Аля не сразу поняла, откуда звучит телефонный звонок: до сих пор Илья приносил трубку к кровати. Наконец она догадалась, что аппарат стоит на кухне.

– Доброе утро! Давно проснулась, Алечка? – услышала она.

– Только что! – Аля почувствовала, как губы ее сами собой растягиваются в улыбке. – Почему же ты меня не разбудил?

– Еще не хватало! – усмехнулся Илья. – Я ж тебе сам сказал отдыхать – зачем будить? Ты поищи там что-нибудь в холодильнике.
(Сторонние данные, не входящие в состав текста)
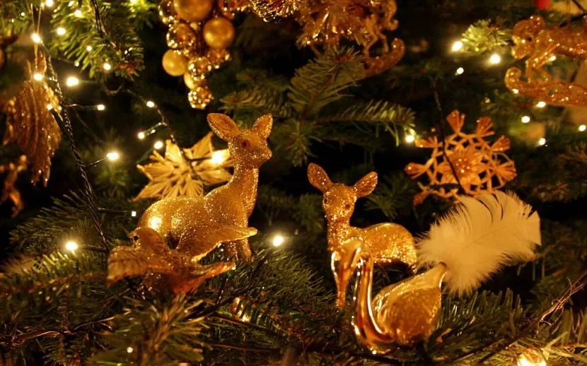 - Большие украшения обычно вешают ближе к центру дерева, чтобы придать ему большую глубину, украшения поменьше — по направлению к концу веток.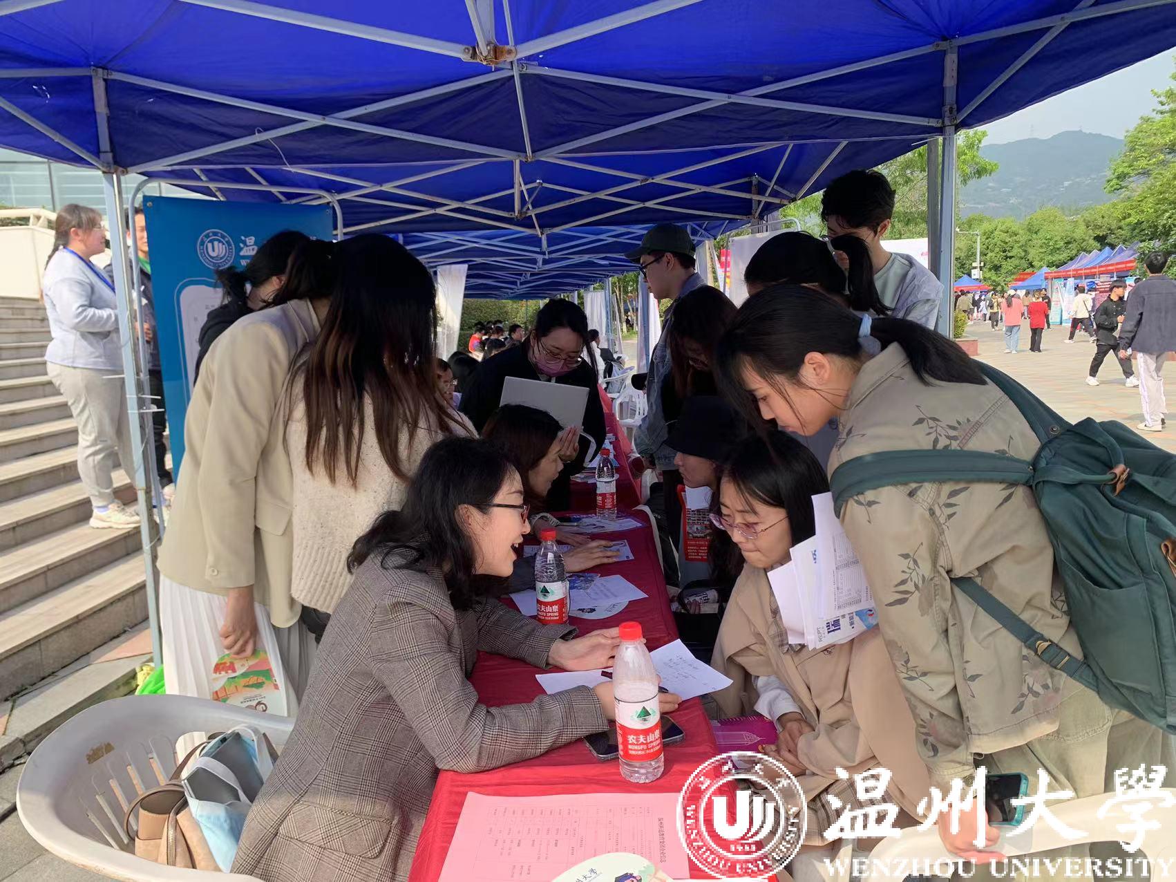 和同学们一样忙碌的,还有前来招聘的各单位工作人员,他们纷纷抛出橄榄枝,希望能吸引来更多优秀人才。青山控股、伟明环保、温州交运集团、sunbet申愽附属宏德幼儿园、苍南教育局等优质用人单位前早早就排起了长队。华峰、德力西、诚意药业、福达合金等企业开展现场路演直播,生动的引才方式受到企业和学生欢迎。温州长江汽车电子有限公司招聘负责人结束现场路演带岗后匆忙回到展位上,一直在为前来咨询的学生答疑释惑,言语中带着满满的诚意。“收了不少简历,效果挺不错的,已经约了几个应聘同学明天来公司现场面试”。

– Я найду, Илюша, – сказала Аля.

Ей хотелось спросить, когда он придет, но она почему-то не решалась это сделать. Они ни разу не говорили о том, как пойдет их жизнь дальше, и Аля не хотела вести себя так, словно будущее уже наступило.

– Я в ГИТИС заходил, – сказал Илья.

Аля почувствовала, что краснеет, и обрадовалась, что он не видит ее сейчас.

– И… что? – спросила она.

Он помолчал; Аля слышала его дыхание в трубке.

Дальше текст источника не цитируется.